Sunday, July 21, 2024

Vatican strengthens Dicastery for Communication

For the first time, the Vatican's media department has a deputy editorial director. Pope Francis appointed Massimiliano Menichetti (53) as Deputy Director of the Dicastery for Communication and Vatican News, as the Vatican announced on Thursday

The Rome-born lawyer and journalist has been working for the Vatican media for more than 20 years, until now mainly as a kind of programme director. His task is therefore to upgrade Radio Vatican/Vatican News.

The prefect and thus head of the communications department has been the journalist Paolo Ruffini (67) since July 2018. He is the only layman at the head of a Vatican dicastery. 
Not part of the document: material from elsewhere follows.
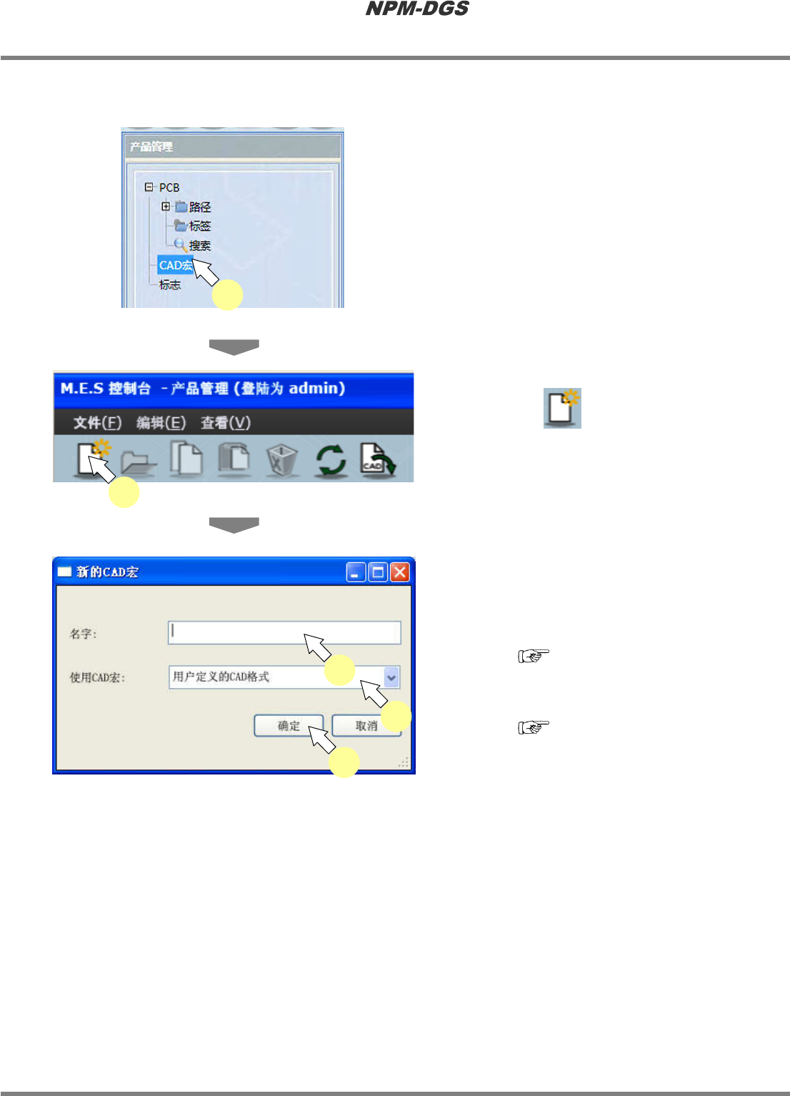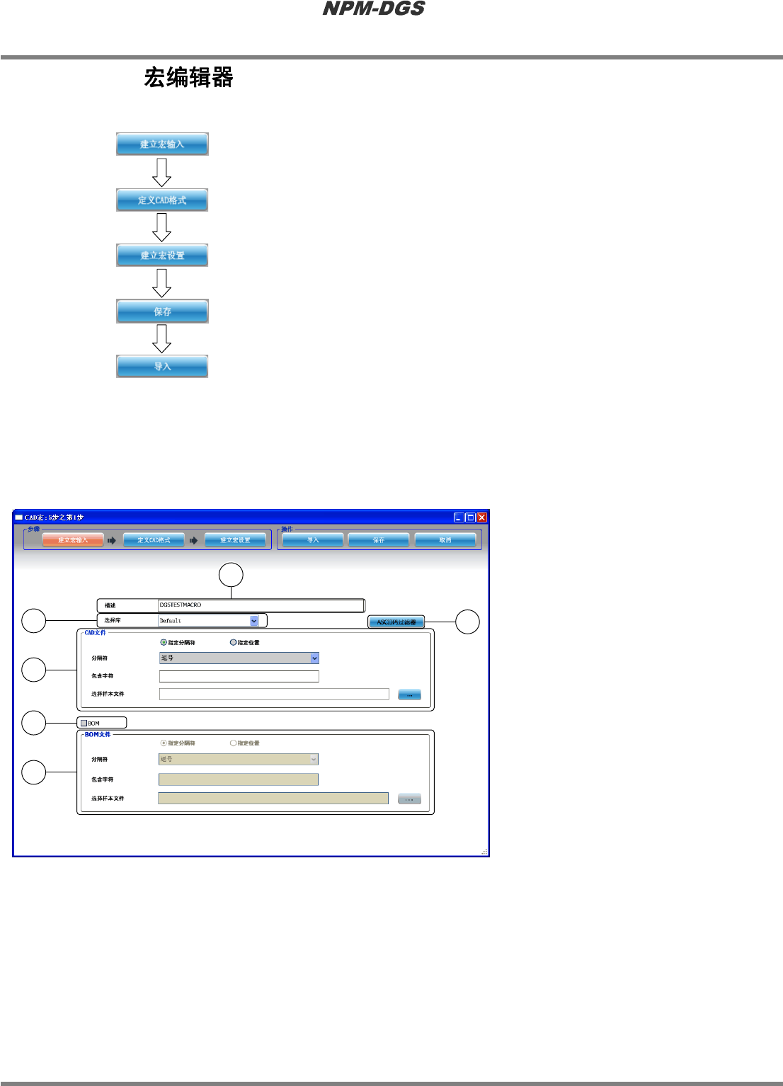 程序手册 5.2 CAD 宏的定义 Page 5-28 EJS9AC-MB-05P-20 5.2.1 CAD 编制、编辑宏时,请按照以下步骤。 ---------- 设定要导入的 CAD/BOM 文件。 ---------- 对 CAD/BOM 文件格式进行定义。 ---------- 对获取 CAD 时的具体设定进行定义 。 ---------- 保存所定义的宏文件。 ---------- 使用所定义的宏文件获取 CAD/BOM 文件…

At the same time, Francesco Valle (52) was appointed Deputy Director for "General Affairs" in the Dicastery for Communication. The Rome-born political scientist succeeds Giacomo Ghisani (55), who has moved to his home diocese of Cremona after 27 years with Vatican Media.

Programme in 53 languages

Valle, who has been responsible for the commercial activities of the Vatican's communications department since 2023, is in charge of copyright issues, among other things. He previously worked for around 20 years for various broadcasters, some in management positions, including at Stream TV, Sky Italia and the left-liberal TV channel LA7. 

Menichetti was previously editor, deputy editor-in-chief, deputy coordinator, head of the multimedia editorial centre and coordinator of Radio Vatican. He previously worked for various Italian media and taught journalism at several universities.

With annual costs of almost 40 million euros, the Dicastery for Communication is the most expensive department of the Holy See alongside the diplomatic service. 

Under the brands Vatican News, Radio Vaticana and Osservatore Romano, it disseminates texts, photos, videos, podcasts and streams about the Pope, the Vatican and the Catholic world church. 

This is currently done in 53 languages. 

The once dominant distribution via radio waves and newsprint now only plays a subordinate role.